Yea agree he is around a 7.
Arvid depends really on the pictures imo. On this one mirror selfie he looks 6.5+psl.
Amnesia I agree as well and salludon is close to Maher but has much worse pheno


----------



## Deleted member 4430 (Sep 13, 2021)

too ogre looking and negative hooding

this is ideal, has almost same tinder results


----------



## Deusmaximus (Sep 13, 2021)

germanlooks said:


> Yea agree he is around a 7.
> Arvid depends really on the pictures imo.

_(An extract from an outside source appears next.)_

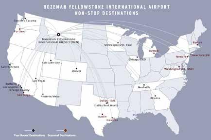 Located just 15± minutes from the property, Bozeman Yellowstone International Airport is Montana’s busiest airport and the hub for those traveling to and from southwest Montana. The airport is serviced by numerous daily flights from Alaska, Allegiant, American, Avelo, Delta, JetBlue, Southwest, Sun Country, and United Airlines.
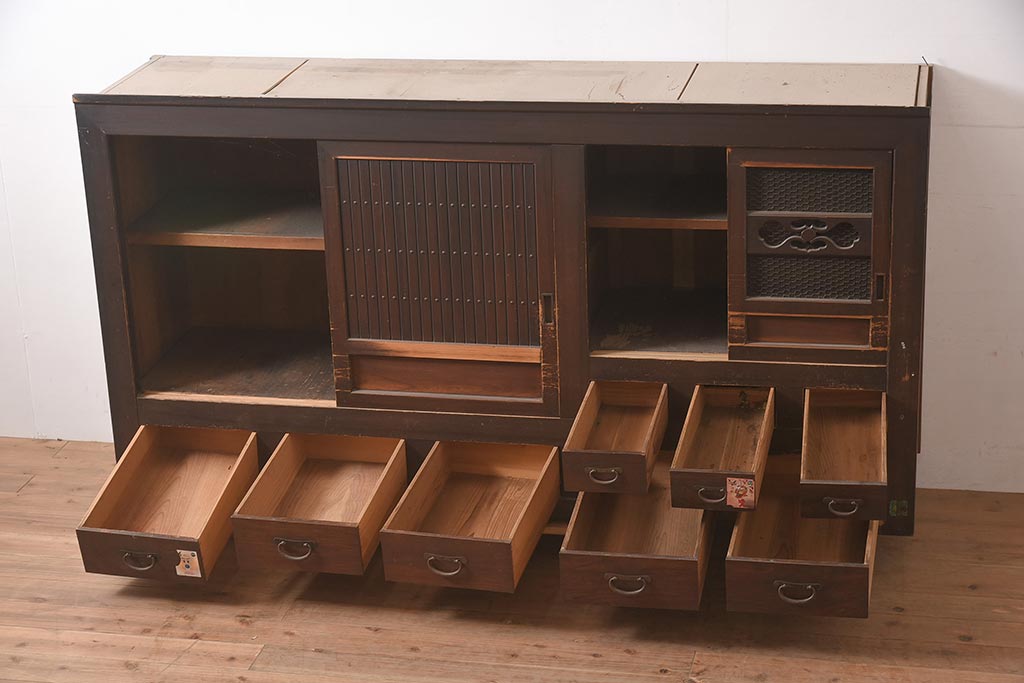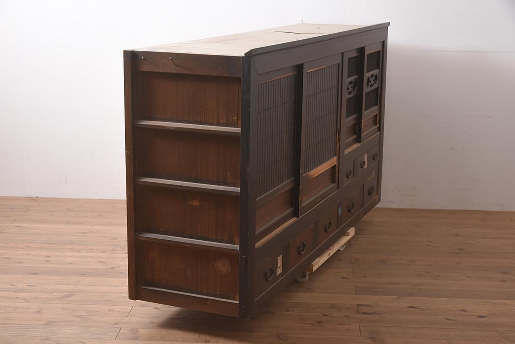ラフジュ工房> キャビネット・戸棚> テレビ台・ローボード > アンティーク家具 縦桟引き戸の近江水屋箪笥テレビ台(キャビネット、戸棚、収納棚、サイドボード、食器棚)(R-036353)

On this one mirror selfie he looks 6.5+psl.
> Amnesia I agree as well and salludon is close to Maher but has much worse pheno


Amnesia is 20cm smaller than maher: He would look like a child next to him.


----------



## Looksornot (Sep 13, 2021)

Beside height, which is obvious, he has :
- anglo germanic "phenotype" - in a loose term that is the actual phenotype, the high class looks, behaviour, vibe, body language, style etc
- looks very masculine and dimorphic : Girls are weak/wet the easiest for this kind of men. instead of pure prettyboys.
- The perfect mix of looking high class, yet very dimorphic, while not looking ogre or brute. So the very ideal prototype of high class frat gigachad.

Simple as.


----------



## Biiyo03 (Sep 13, 2021)

germanlooks said:


> Yea agree he is around a 7.
> Arvid depends really on the pictures imo. On this one mirror selfie he looks 6.5+psl.
> Amnesia I agree as well and salludon is close to Maher but has much worse pheno


yeah psl isnt always appeal

the arvid selfie looked great, I think if he looked a little less dark tanned and just a little more paler (not too pale) and with the right haircut he could be past a 6 easy.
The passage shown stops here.